Dinesh D'Souza's whole premise is that Barack Obama really wants America (and the west) to fail, all as part of an elaborate Revenge Fantasy to make America pay for all of colonialism. Every single thing that, in D'Souza's eyes, was either a failure or a bad idea, is attributed to anti-colonialism. His formula is straightforward: Take a policy, explain why it doesn't work. Explain why conservatives don't like it. Explain that Obama isn't actually a socialist or Muslim or whatever, as most conservatives think, but just wants America to fail. D'Souza does a lot of pandering by pretending to be objective by poo-poo-ing conservative criticisms in favor of his own.
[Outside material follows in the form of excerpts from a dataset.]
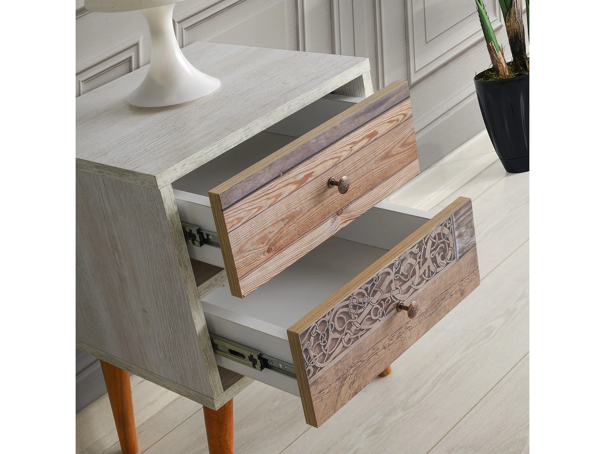 Hanna | Table de chevet avec 2 tiroirs en MDF blanc et brosse nature
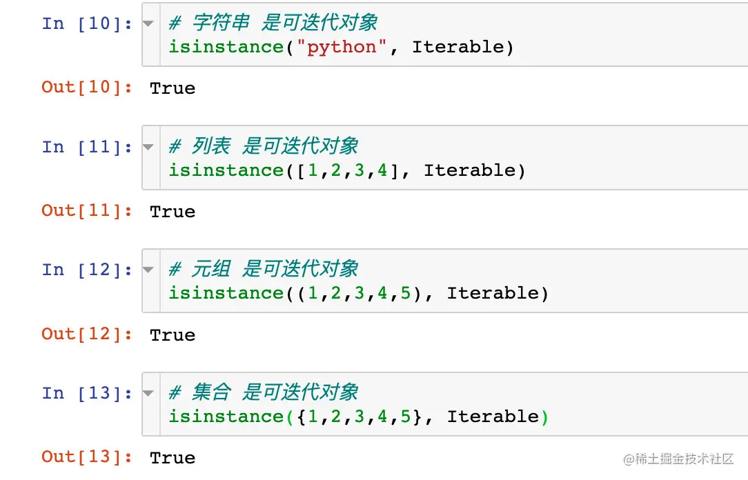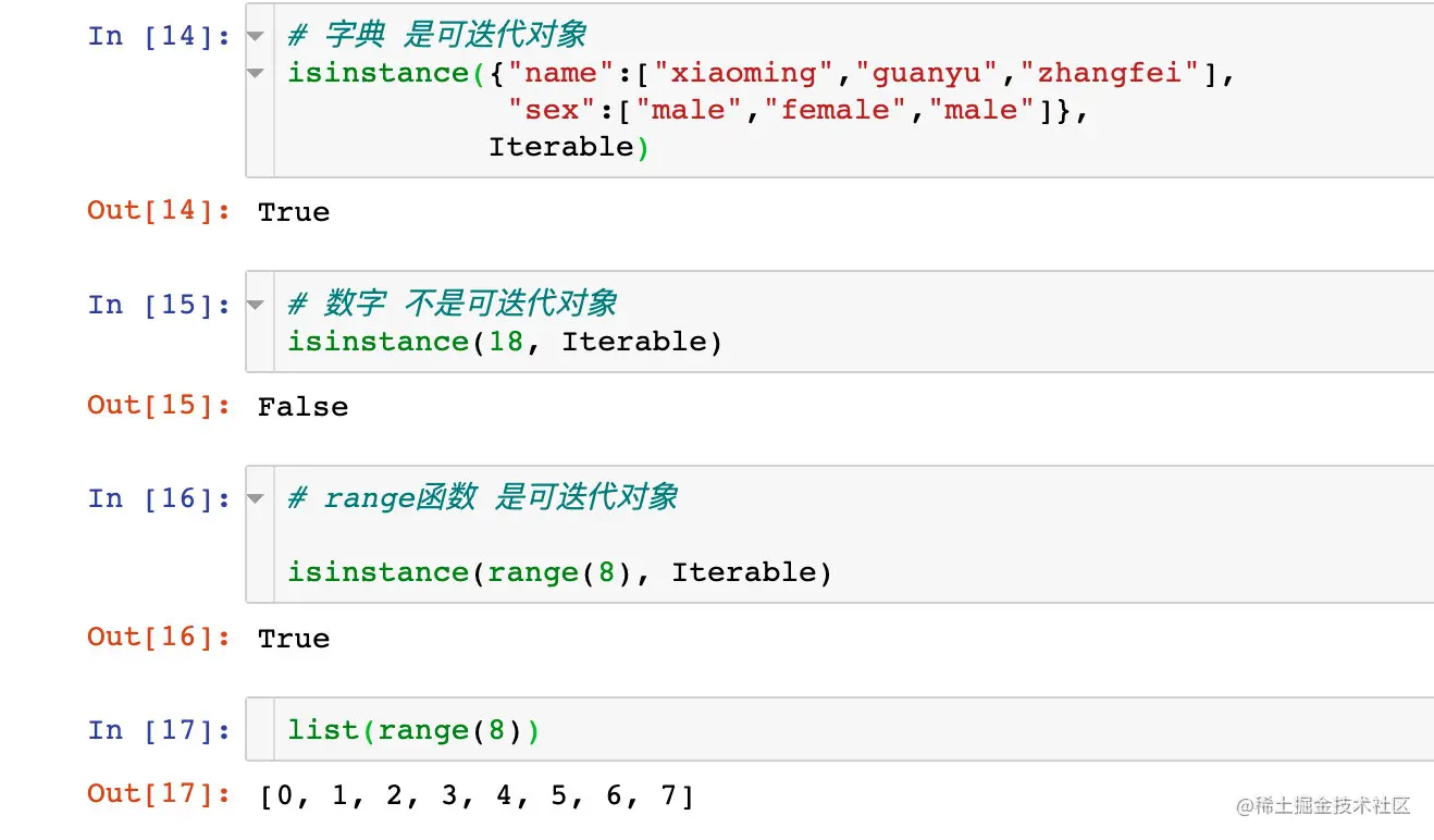 在Python中,我们使用 isinstance()函数 判断python对象是否可迭代: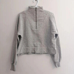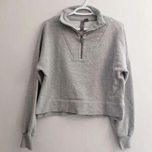 Sweaty Beatty Nestle Up Half Zip Cropped Pullover Sweatshirt in Gray Marle XS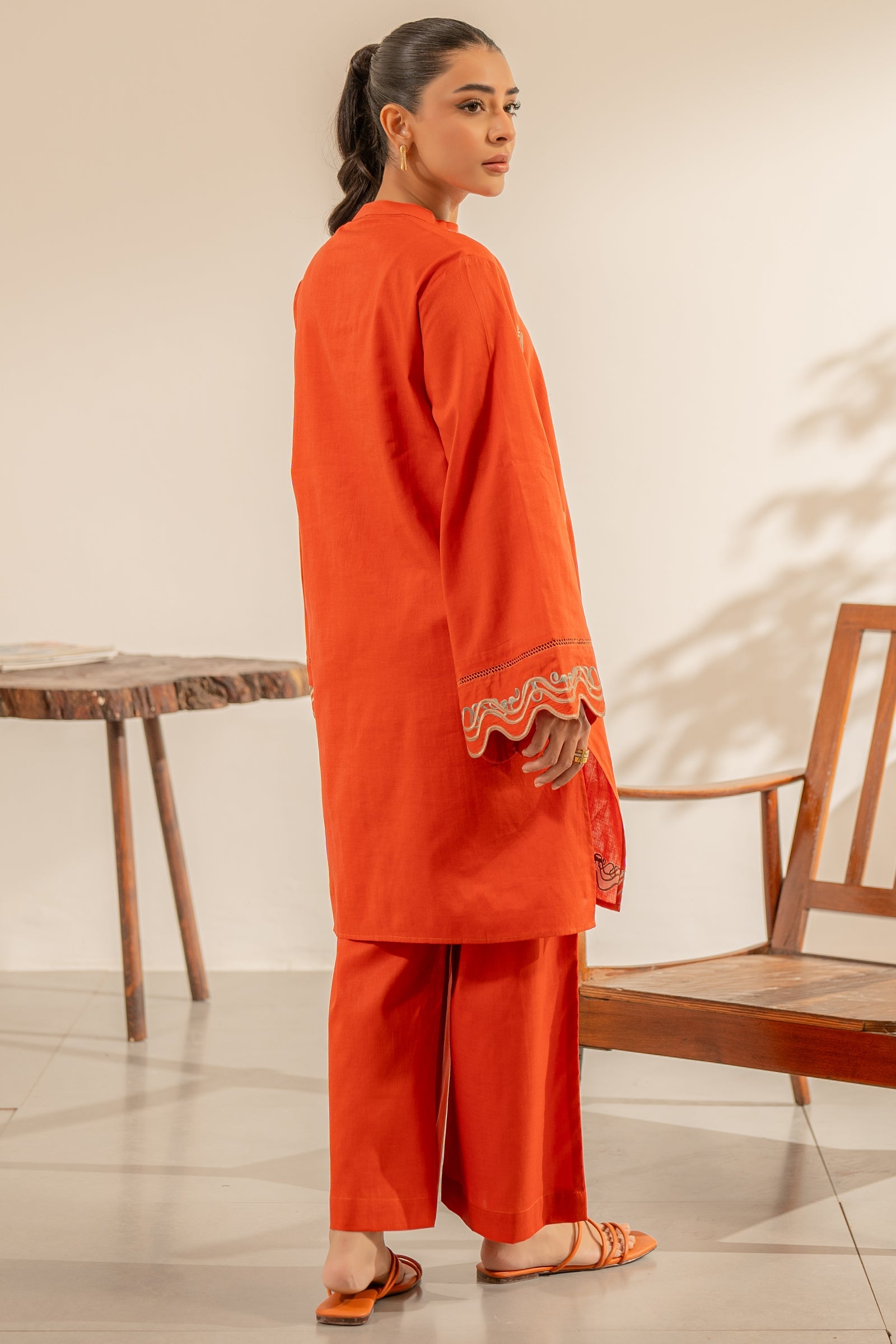 A vibrant orange two-piece set featuring a straight kurta with a split neckline and beige embroidery of tropical motifs and waves. Paired with wide-leg trousers for a breezy, summery look.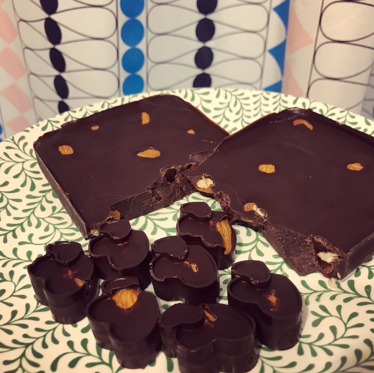 Очень легко приготовить: я заказала на Озон какао и какао-масло. Растопила примерно 100 гр какао и 50 гр масла на водяной бане. Добавила для сладости сироп топинамбура и разлила по формочкам с миндальными орешками. Безумно вкусный горький шоколад получился.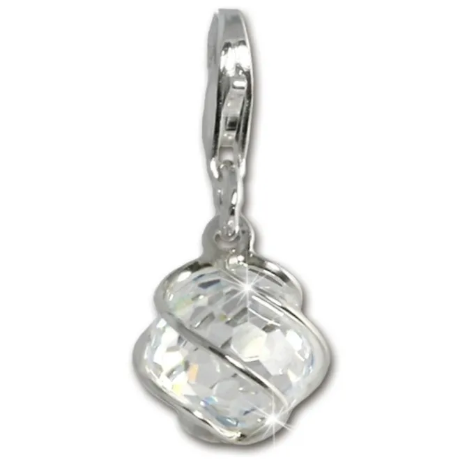 Charm Bettelarmband Anhänger aus anlaufgeschütztem 925 Sterling Silber – Zirkonia Kugel kristall weiß – geschliffener Zirkonia – .

D'Souza relies too heavily on Obama Sr.'s criticisms of Colonialism without actually establishing any actual links between Obama Jr. and those philosophies. He talks about both father and son, but does little to show philosophical connections other than by vague insinuation. D'Souza also has a habit of trying to "prove" his theory by using it to make "predictions" about events whose outcome is already known. That's not a prediction, especially when the outcomes were already probable and the situations are cherry-picked. There are a few times where *future* predictions are made, and rather than predicting nefarious actions, D'Souza predicts fairly mundane outcomes, just with secretly nefarious intentions. i.e. Expanding environmental policy, but *not for the reasons you think!*
In the absence of actual facts and evidence, D'Souza relies almost entirely on innuendo and suspicion. There is little to tie Obama's actions and decisions (both good and bad) to any elaborate Anti-Colonial Revenge scheme.
Dinesh D'Souza's books used to be better. Either the election forced a deadline that precluded real research for this, or Dinesh D'Souza is turning into the next Jerome Corsi (a laugable conspiracy theorist who is more a punchline than an author).